EXERCISE OBJECTIVE
Repeat the listing below exactly from the line with "Sexy Lace See-through" through its last line. Skip every picture.

(RAW DATA begins)

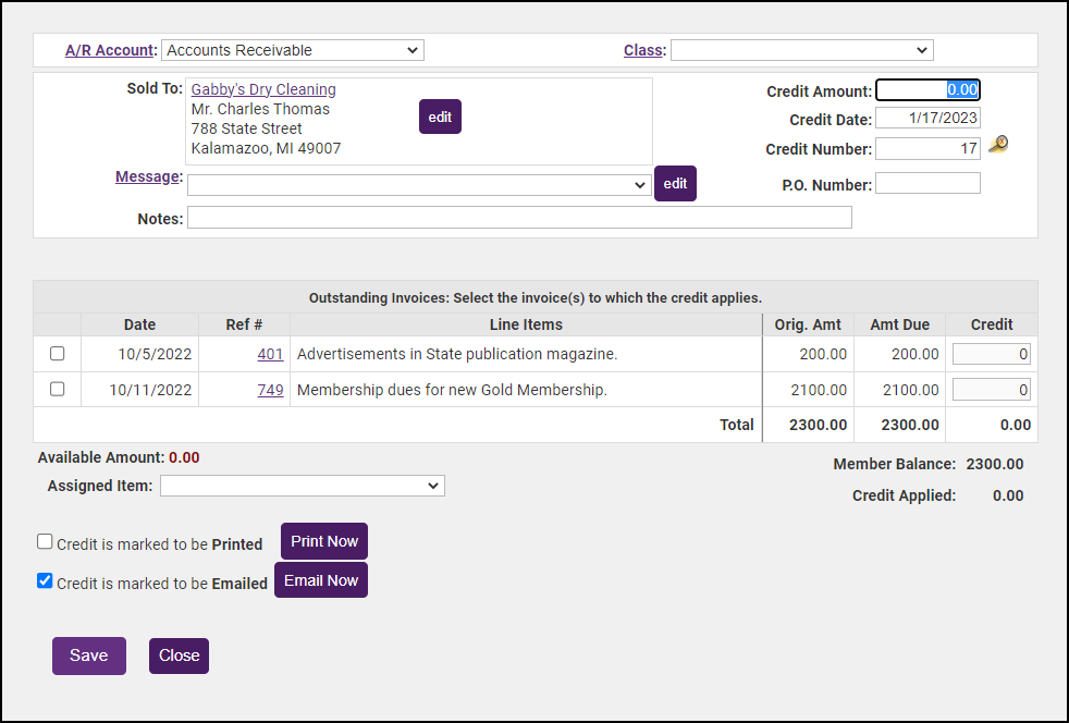 Type the credit amount in the Credit Amount field. If there are outstanding invoices displayed, the credit amount will automatically be applied to an open invoice. If you do not wish to apply the credit to an open invoice, deselect the checkbox next to the open invoice.
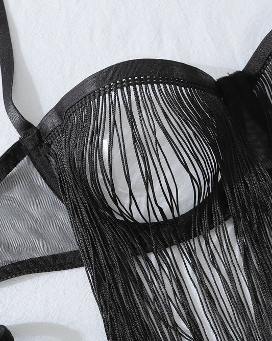 Sexy Lace See-through Tassel Hollow Underwear Set
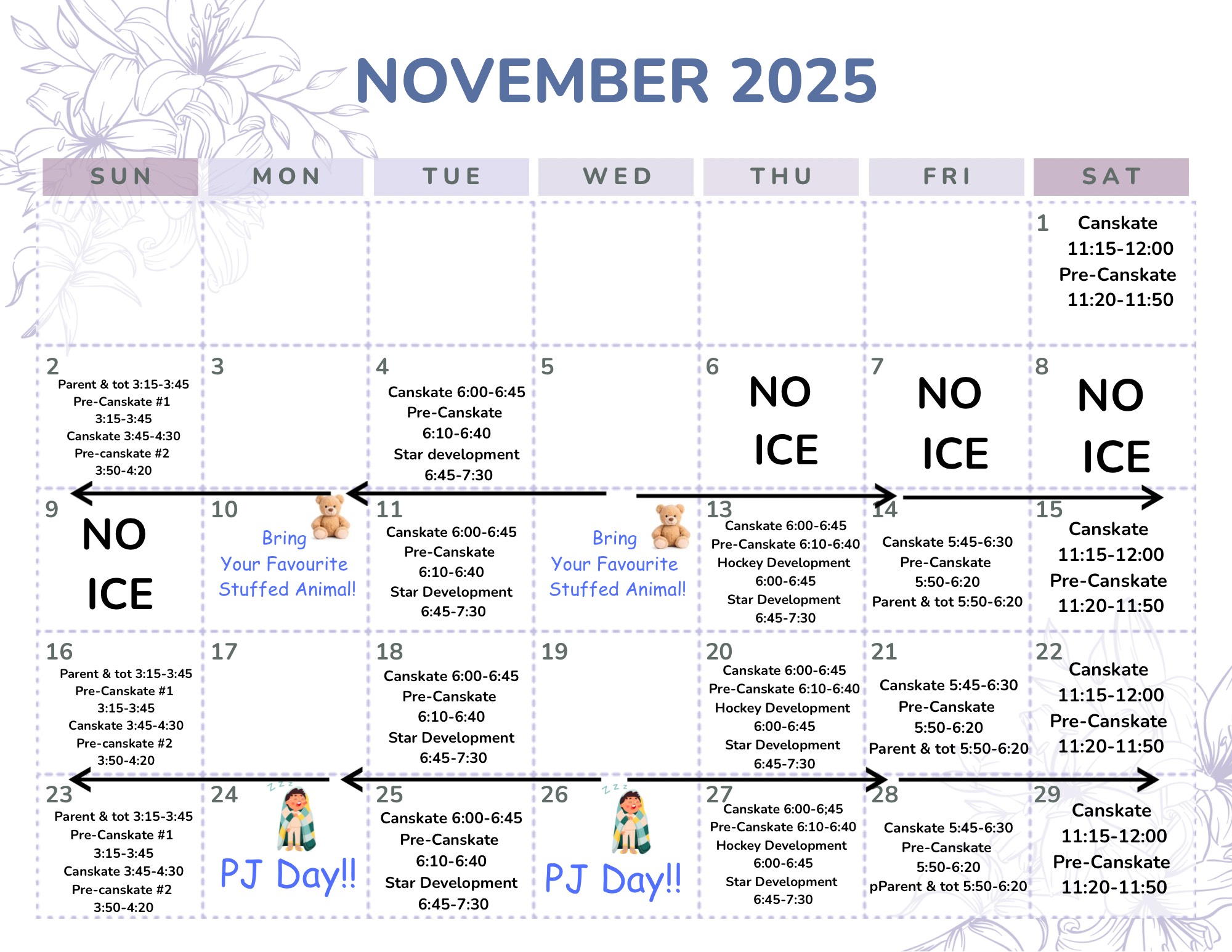 CanSkate November Schedule
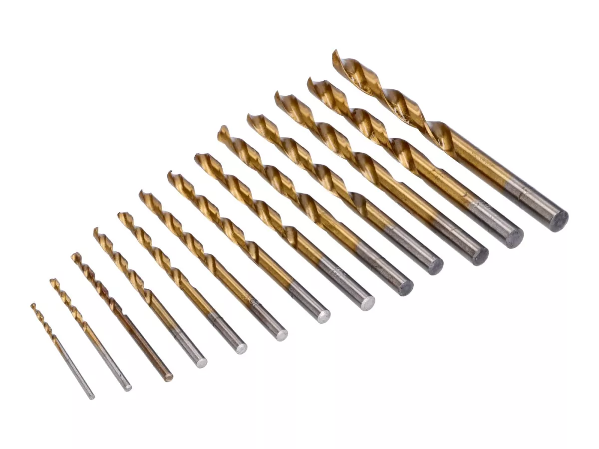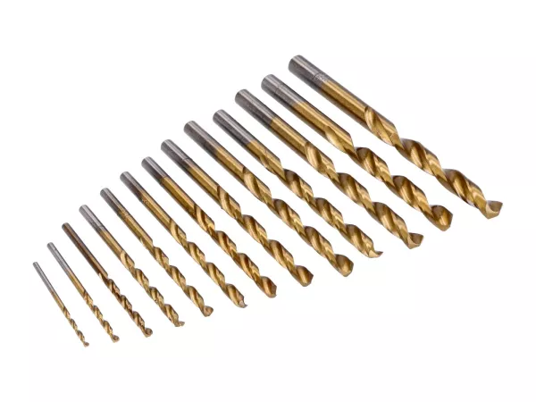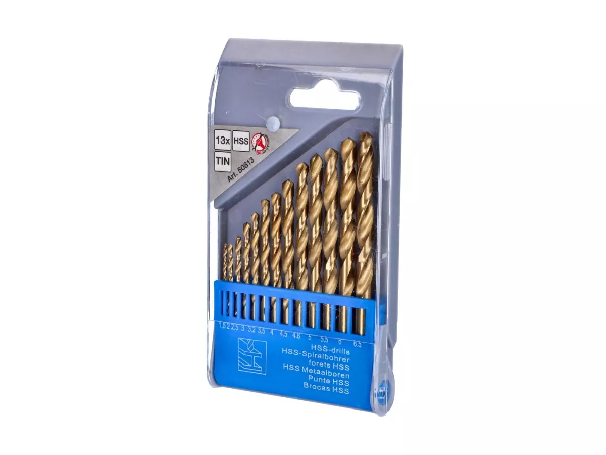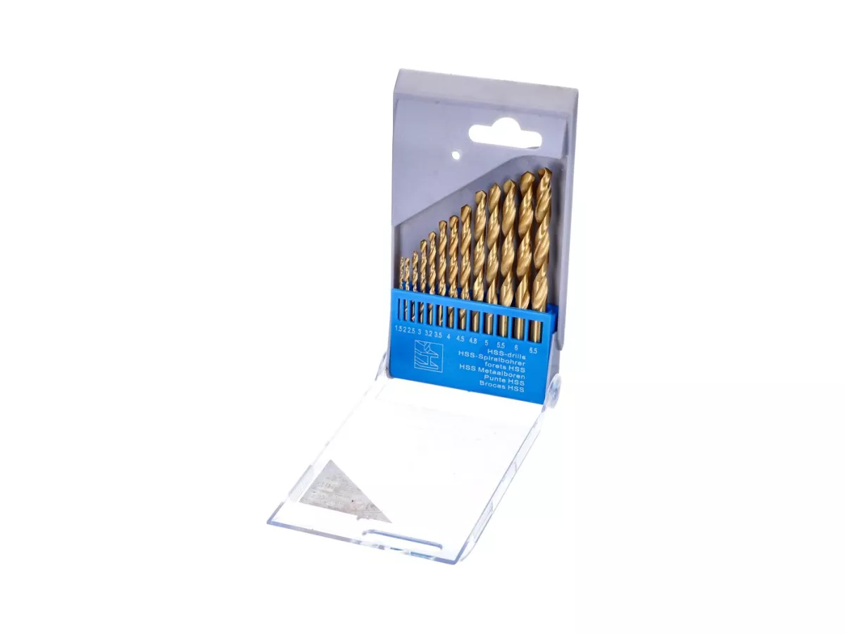 13-teiliger Satz HSS-Spiralbohrer in stabiler Metall-Aufbewahrungskiste. Für NE-Metalle, Stahl, Aluminium, Holz und Kunststoff geeignet.

(RAW DATA ends)

OUTPUT OF THE TASK
 Sexy Lace See-through Tassel Hollow Underwear Set
 CanSkate November Schedule
 13-teiliger Satz HSS-Spiralbohrer in stabiler Metall-Aufbewahrungskiste. Für NE-Metalle, Stahl, Aluminium, Holz und Kunststoff geeignet.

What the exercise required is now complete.